Well since you got rid of those auto locking hubs, now you have to get out, lock the hubs and flip the switch. You should be able to turn all the way to left or right, and feel the front end bind and require more gas pedal to move.


----------



## goodlivin33 (Aug 22, 2010)

Ok. So I understand now I think. I drive now with the manual hubs in free in 2wd. To put in 4x4 I get out set hubs to lock then switch lever to 4x4 high and should be able to feel the truck trying to climb over itself so to Speek. ??? Will all tires spin if in lose gravel or mud? Now when I switch back to 2wd do I have to or SHOULD I put manual hub back to free. Because with my other trucks when I pull shifter out of 4x4 when plowing I don't always unlock the hubs because I'm not sure when I need 4x4 in a situation and can't afford to get out and change when put in bad spot. Thanks for the help and replys


----------



## thelettuceman (Nov 23, 2010)

When you switch out of 4 x 4 get out and unlock your hubs. You will save fuel. If you feel that you will need them locked in short order then keep them locked. By the way .... when I factory ordered my truck 2 years ago, the salesman suggested that I get manual hubs and manual transfer case. He said the manual equipment is better then auto selector with vacuum lines. Glad I listened to him.


----------



## SHAWZER (Feb 29, 2012)

When plowing snow leave your manual hubs locked in. When done, unlock them or if not driving far leave them locked all winter. Turn control from 2-4x4 when needed.


----------



## goodlivin33 (Aug 22, 2010)

That being said I don't have that warm feeling in my gut about a switch controlling my 4x4. How dependable is it and what can I do to make it more dependable? Or things I should carry with me ie... Switchs ? Ect. ... Thanks


----------



## goodlivin33 (Aug 22, 2010)

By the way do I need to pinch off the vacuumed lines because I see one side doesn't even have the line there?


----------



## gusdust (Jan 6, 2008)

goodlivin33;1504085 said:


> By the way do I need to pinch off the vacuumed lines because I see one side doesn't even have the line there?

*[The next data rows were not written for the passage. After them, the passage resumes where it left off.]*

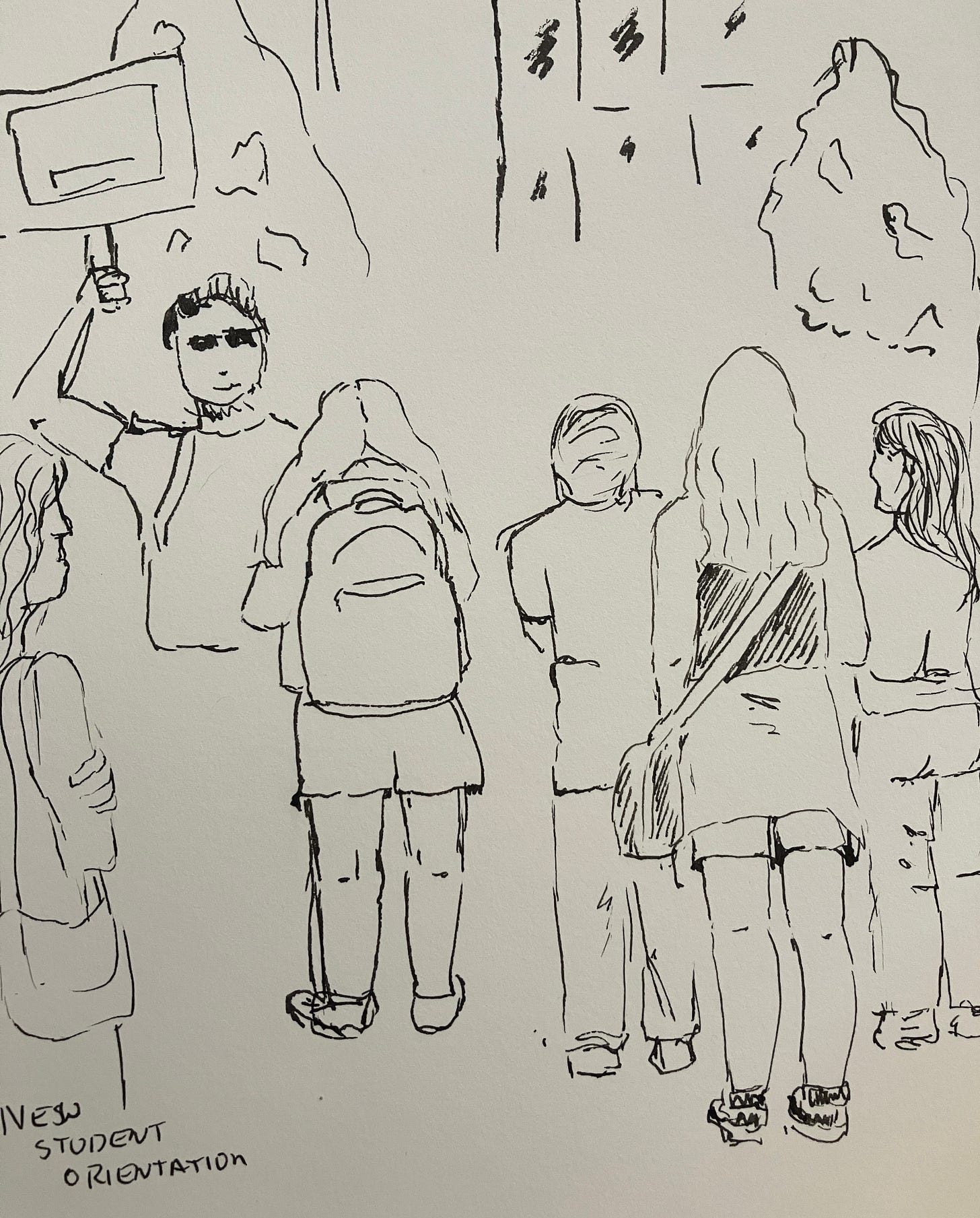 There they were lined up, one of many lines they would be standing in for the next four or five years, hoping they had made the right choice. Or positive that they had. So many will change majors, change directions, change their minds, change their hearts. They will grow so much in their brief time with us. They will make friends that will be friends for life. They will overcome challenges they felt were insurmountable. They will learn how to navigate a complex institution. They will exit that same institution with a new perspective on the world, with their focus broadened, ready (hopefully) to take on the world.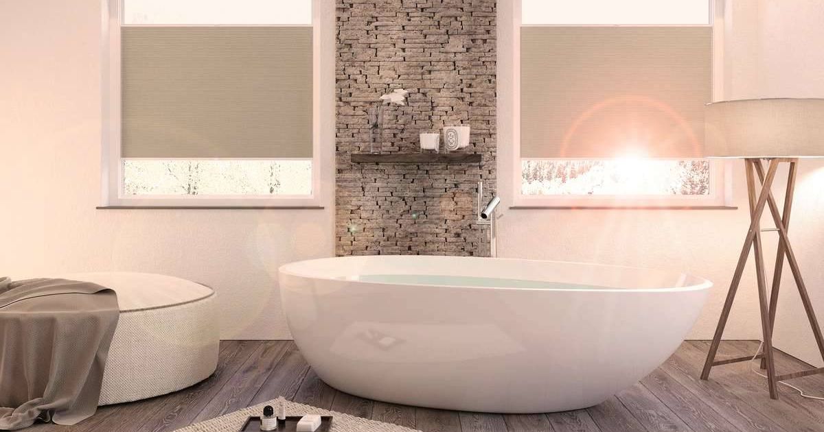 Damit Menschen sich im Bad wohlfühlen, ist vor einem Fenster ein Sichtschutz nötig. Bild: Warema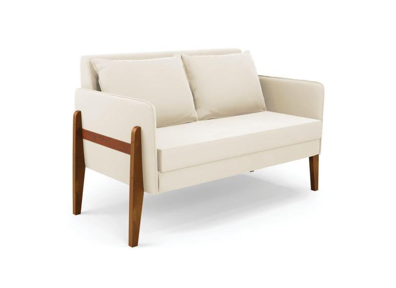 Sofá Namoradeira Lana Veludo Base De Madeira - D'rossi Cor Bege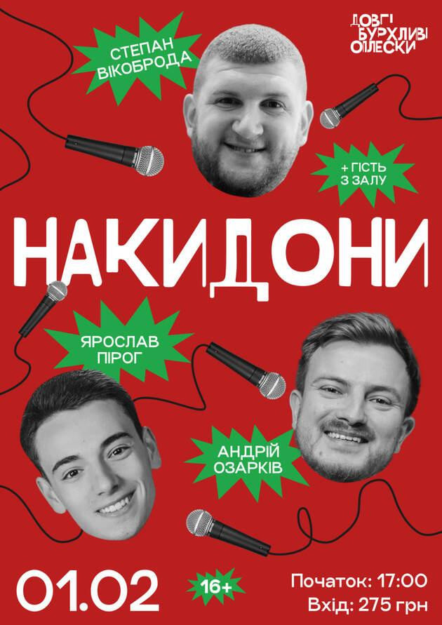 Шоу "Накидони" - імпровізаційний формат, в якому коміки знайомляться з глядачами, обговорюють новини і роблять свої заготовки смішнішими! Глядачі можуть розповідати історії на сцені і весело проводити вечір в теплій атмосфері!

You should make sure the lines are plugged. 
The dash switch when turned so shift motor operates should make a light come on and tell you if you are in 4hi. I have gone through 3 transfer case shift motors on my 2000. Wish I just had a lever on the floor.


----------



## goodlivin33 (Aug 22, 2010)

Thanks I will plug the lines. Where would you find the transfer case shift motor and do you think I should have one on hand just in case.


----------



## gusdust (Jan 6, 2008)

Left side rear of trans. They aren't cheap. The re-manufactured ones fromNAPA are around 300 if I recall correctly. At least know where you can get one off the shelf if needed. Three 10mm bolts, I think. Always check fuses/relays first, and make sure the wiring connections are clean at the shift motor. With the engine off, key on, you can hear it click in and out when you turn dash selector. The way it's wired, you won't see the 4 hi dash light if it does not engage at the transfer case. Has to be in neutral for 4 low.


----------



## Plow More (May 26, 2009)

you know the transfer case is locked in 4x4 when the "4x4" light on the dash illuminates


----------